____ PROVIDED RECORDS

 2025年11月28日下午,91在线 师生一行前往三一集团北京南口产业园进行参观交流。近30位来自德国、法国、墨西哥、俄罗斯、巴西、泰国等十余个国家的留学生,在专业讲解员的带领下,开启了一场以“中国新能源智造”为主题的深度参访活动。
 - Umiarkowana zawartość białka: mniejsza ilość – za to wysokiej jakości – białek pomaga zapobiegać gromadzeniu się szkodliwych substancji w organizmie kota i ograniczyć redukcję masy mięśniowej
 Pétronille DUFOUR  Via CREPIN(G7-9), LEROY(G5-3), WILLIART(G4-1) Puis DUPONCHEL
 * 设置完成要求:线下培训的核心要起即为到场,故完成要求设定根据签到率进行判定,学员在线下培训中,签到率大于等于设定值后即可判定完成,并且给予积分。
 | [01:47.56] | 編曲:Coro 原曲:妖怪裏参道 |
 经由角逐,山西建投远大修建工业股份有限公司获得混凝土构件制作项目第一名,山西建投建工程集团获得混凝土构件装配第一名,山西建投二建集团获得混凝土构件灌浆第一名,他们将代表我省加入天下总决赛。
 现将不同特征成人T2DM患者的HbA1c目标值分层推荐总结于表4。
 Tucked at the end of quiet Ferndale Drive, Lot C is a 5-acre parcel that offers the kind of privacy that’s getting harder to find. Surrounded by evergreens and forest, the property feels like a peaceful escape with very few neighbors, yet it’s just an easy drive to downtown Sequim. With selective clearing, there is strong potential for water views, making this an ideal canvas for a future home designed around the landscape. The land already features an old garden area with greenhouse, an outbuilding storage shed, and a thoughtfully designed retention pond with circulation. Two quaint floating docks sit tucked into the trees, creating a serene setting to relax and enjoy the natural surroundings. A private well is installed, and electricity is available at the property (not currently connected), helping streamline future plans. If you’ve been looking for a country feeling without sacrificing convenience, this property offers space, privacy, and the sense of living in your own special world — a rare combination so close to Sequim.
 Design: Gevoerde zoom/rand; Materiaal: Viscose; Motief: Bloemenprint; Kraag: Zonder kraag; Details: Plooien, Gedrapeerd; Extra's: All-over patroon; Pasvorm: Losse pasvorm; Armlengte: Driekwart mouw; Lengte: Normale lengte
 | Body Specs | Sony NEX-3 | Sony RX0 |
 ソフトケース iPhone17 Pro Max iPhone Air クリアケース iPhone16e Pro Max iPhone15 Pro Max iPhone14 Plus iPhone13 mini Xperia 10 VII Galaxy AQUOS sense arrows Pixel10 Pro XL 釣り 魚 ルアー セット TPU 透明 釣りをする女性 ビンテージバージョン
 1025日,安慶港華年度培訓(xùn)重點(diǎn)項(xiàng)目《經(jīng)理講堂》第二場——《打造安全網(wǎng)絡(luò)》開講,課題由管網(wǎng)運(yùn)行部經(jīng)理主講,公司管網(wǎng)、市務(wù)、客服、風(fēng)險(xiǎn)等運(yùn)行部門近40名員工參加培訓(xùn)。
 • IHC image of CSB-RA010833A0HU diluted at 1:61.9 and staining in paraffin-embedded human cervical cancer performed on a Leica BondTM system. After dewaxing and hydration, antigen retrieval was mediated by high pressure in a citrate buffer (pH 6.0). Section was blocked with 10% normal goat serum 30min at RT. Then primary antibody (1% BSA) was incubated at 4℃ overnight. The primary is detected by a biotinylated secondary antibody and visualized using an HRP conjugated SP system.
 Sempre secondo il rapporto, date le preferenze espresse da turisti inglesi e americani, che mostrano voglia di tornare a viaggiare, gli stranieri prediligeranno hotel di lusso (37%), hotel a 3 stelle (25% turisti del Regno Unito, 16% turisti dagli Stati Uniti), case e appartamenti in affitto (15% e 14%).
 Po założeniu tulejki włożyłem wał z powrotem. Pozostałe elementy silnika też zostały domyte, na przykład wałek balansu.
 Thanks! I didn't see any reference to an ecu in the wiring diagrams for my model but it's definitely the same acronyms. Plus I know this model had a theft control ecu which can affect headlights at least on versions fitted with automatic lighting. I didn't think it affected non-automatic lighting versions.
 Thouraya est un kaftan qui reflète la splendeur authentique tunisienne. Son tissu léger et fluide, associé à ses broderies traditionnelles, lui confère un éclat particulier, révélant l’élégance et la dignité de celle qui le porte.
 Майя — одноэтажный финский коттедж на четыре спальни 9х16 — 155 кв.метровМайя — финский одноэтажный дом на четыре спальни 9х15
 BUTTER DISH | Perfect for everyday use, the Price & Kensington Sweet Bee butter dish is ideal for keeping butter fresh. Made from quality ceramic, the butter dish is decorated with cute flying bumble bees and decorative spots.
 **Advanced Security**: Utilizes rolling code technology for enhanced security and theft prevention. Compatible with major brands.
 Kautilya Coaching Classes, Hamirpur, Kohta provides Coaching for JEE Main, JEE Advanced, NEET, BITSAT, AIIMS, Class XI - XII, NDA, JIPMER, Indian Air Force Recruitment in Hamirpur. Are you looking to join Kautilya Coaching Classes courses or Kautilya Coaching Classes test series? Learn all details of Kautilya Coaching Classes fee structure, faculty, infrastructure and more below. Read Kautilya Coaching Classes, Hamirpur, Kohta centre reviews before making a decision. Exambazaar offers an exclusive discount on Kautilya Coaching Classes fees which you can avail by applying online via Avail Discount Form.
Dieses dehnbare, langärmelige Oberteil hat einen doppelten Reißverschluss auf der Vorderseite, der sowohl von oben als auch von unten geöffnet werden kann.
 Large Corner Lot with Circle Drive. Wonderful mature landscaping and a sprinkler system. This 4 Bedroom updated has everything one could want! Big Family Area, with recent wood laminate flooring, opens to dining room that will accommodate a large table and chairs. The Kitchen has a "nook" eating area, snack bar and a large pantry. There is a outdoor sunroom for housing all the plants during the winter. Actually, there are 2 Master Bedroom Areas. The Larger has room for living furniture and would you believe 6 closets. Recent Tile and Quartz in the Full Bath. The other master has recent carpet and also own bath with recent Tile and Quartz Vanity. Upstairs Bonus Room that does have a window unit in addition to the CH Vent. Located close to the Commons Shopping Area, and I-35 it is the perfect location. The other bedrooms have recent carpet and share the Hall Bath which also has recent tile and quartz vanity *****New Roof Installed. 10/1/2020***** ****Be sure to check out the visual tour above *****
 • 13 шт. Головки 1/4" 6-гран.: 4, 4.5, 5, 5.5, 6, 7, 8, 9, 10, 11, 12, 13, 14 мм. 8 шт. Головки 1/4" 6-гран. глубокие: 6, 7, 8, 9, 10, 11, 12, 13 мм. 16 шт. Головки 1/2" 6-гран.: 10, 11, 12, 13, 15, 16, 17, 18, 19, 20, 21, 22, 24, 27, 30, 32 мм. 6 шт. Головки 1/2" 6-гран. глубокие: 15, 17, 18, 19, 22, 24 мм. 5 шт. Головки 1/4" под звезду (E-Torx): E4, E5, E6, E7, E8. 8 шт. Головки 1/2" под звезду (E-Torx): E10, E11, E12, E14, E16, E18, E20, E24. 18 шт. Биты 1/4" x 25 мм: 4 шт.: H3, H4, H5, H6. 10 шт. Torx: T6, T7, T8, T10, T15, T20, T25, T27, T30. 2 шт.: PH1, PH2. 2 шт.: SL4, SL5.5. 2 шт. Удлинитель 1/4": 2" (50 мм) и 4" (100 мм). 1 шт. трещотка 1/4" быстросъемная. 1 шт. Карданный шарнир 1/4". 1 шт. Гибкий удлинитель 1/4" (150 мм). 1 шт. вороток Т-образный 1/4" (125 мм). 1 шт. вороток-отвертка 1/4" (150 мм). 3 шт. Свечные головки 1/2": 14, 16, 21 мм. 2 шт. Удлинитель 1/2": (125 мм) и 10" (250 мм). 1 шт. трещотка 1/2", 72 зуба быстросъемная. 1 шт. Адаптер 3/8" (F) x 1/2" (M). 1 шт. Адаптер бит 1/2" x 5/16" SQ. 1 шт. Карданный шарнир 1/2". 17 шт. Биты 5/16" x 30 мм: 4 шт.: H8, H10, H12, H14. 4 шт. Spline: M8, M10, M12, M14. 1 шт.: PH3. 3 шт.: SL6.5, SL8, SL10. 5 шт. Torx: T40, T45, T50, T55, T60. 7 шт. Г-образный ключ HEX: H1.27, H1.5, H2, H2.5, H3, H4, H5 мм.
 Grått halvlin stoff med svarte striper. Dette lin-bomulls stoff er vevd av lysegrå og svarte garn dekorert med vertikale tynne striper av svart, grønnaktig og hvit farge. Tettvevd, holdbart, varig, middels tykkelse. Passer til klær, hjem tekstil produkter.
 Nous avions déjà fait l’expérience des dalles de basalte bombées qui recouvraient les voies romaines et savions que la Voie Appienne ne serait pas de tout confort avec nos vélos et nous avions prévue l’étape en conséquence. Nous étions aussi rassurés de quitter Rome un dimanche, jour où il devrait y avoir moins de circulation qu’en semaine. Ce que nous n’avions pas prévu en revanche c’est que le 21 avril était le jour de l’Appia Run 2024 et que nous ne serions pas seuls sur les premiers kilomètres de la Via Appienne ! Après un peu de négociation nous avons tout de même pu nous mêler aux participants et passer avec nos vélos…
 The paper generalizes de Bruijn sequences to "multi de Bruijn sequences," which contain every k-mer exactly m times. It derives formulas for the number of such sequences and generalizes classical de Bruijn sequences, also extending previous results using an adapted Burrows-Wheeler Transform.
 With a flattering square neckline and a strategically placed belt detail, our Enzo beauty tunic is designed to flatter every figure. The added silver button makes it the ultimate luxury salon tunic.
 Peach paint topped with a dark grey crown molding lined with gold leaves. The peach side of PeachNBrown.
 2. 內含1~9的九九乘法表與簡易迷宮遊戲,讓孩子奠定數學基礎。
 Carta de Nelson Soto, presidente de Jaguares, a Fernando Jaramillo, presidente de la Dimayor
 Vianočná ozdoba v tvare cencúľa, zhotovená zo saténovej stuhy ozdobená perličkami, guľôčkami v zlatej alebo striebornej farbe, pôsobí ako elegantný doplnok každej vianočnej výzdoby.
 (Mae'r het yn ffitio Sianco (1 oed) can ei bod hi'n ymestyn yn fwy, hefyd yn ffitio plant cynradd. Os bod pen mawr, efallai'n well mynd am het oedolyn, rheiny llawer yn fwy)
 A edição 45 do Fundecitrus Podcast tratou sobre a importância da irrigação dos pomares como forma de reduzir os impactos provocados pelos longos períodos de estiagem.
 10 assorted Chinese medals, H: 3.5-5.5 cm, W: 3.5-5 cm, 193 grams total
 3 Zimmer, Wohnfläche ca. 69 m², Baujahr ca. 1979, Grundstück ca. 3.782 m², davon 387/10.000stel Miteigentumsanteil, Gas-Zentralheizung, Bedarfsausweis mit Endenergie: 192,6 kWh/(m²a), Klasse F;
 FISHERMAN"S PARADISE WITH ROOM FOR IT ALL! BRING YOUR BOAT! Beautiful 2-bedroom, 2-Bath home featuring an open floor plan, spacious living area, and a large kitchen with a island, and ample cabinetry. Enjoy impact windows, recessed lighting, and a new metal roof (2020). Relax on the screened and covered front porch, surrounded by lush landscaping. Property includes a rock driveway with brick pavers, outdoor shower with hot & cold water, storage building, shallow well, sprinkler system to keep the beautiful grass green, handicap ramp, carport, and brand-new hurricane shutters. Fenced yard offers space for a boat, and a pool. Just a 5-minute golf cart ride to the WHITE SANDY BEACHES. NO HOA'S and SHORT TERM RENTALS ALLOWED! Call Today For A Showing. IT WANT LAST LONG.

________

TASK BRIEF
Beginning with the line above that contains "conjugated SP system.", copy each line exactly up to and including the line that contains "with major brands.", and go no further.

ANSWER SECTION
 • IHC image of CSB-RA010833A0HU diluted at 1:61.9 and staining in paraffin-embedded human cervical cancer performed on a Leica BondTM system. After dewaxing and hydration, antigen retrieval was mediated by high pressure in a citrate buffer (pH 6.0). Section was blocked with 10% normal goat serum 30min at RT. Then primary antibody (1% BSA) was incubated at 4℃ overnight. The primary is detected by a biotinylated secondary antibody and visualized using an HRP conjugated SP system.
 Sempre secondo il rapporto, date le preferenze espresse da turisti inglesi e americani, che mostrano voglia di tornare a viaggiare, gli stranieri prediligeranno hotel di lusso (37%), hotel a 3 stelle (25% turisti del Regno Unito, 16% turisti dagli Stati Uniti), case e appartamenti in affitto (15% e 14%).
 Po założeniu tulejki włożyłem wał z powrotem. Pozostałe elementy silnika też zostały domyte, na przykład wałek balansu.
 Thanks! I didn't see any reference to an ecu in the wiring diagrams for my model but it's definitely the same acronyms. Plus I know this model had a theft control ecu which can affect headlights at least on versions fitted with automatic lighting. I didn't think it affected non-automatic lighting versions.
 Thouraya est un kaftan qui reflète la splendeur authentique tunisienne. Son tissu léger et fluide, associé à ses broderies traditionnelles, lui confère un éclat particulier, révélant l’élégance et la dignité de celle qui le porte.
 Майя — одноэтажный финский коттедж на четыре спальни 9х16 — 155 кв.метровМайя — финский одноэтажный дом на четыре спальни 9х15
 BUTTER DISH | Perfect for everyday use, the Price & Kensington Sweet Bee butter dish is ideal for keeping butter fresh. Made from quality ceramic, the butter dish is decorated with cute flying bumble bees and decorative spots.
 **Advanced Security**: Utilizes rolling code technology for enhanced security and theft prevention. Compatible with major brands.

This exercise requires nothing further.